▶ _Work instructions_: Your task is to give the listing below back word for word, pictures excluded.

▶ _Data segment_:
---------------

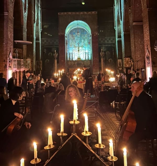 In the middle of the space a dais with a round table is set up like a dining table, this is where most of the ‘action’ takes place. The music is from viol consort Fretwork who are arranged in front of the huge marble alter in St Barts with the singers slowly moving around the space, holding candles, with their voices coming from different directions. We are thus very close to the singers, an utterly magical feeling, right in the middle of these supreme refined polyphonic harmonies, and can clearly hear them all flowing, folding and coming together.
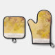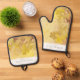 Oven Mitt & Pot Holder Set with Autumn nature oak leaves vintage landscape. Bright yellow and brown fall landscape with oak leaves. Silhouettes of leaves on spotted fall colours rustic background. Watercolor foliage painting background Wedding Oven Mitt & Pot Holder Set. Autumn Oak Leaves Collection.
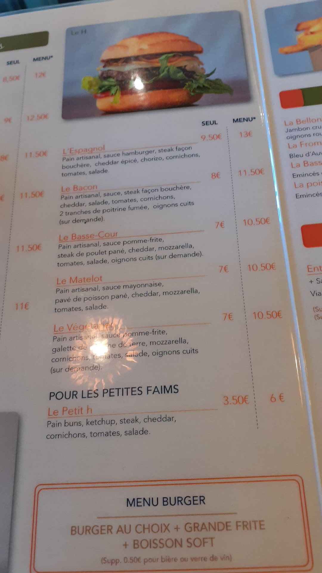 Pas mal les menus enfants Hamburger de qualité Frites (pas très présentables moyen) Accueil sympa A conseiller pour une halte

---------------

▶ _Response area_:
 In the middle of the space a dais with a round table is set up like a dining table, this is where most of the ‘action’ takes place. The music is from viol consort Fretwork who are arranged in front of the huge marble alter in St Barts with the singers slowly moving around the space, holding candles, with their voices coming from different directions. We are thus very close to the singers, an utterly magical feeling, right in the middle of these supreme refined polyphonic harmonies, and can clearly hear them all flowing, folding and coming together.
 Oven Mitt & Pot Holder Set with Autumn nature oak leaves vintage landscape. Bright yellow and brown fall landscape with oak leaves. Silhouettes of leaves on spotted fall colours rustic background. Watercolor foliage painting background Wedding Oven Mitt & Pot Holder Set. Autumn Oak Leaves Collection.
 Pas mal les menus enfants Hamburger de qualité Frites (pas très présentables moyen) Accueil sympa A conseiller pour une halte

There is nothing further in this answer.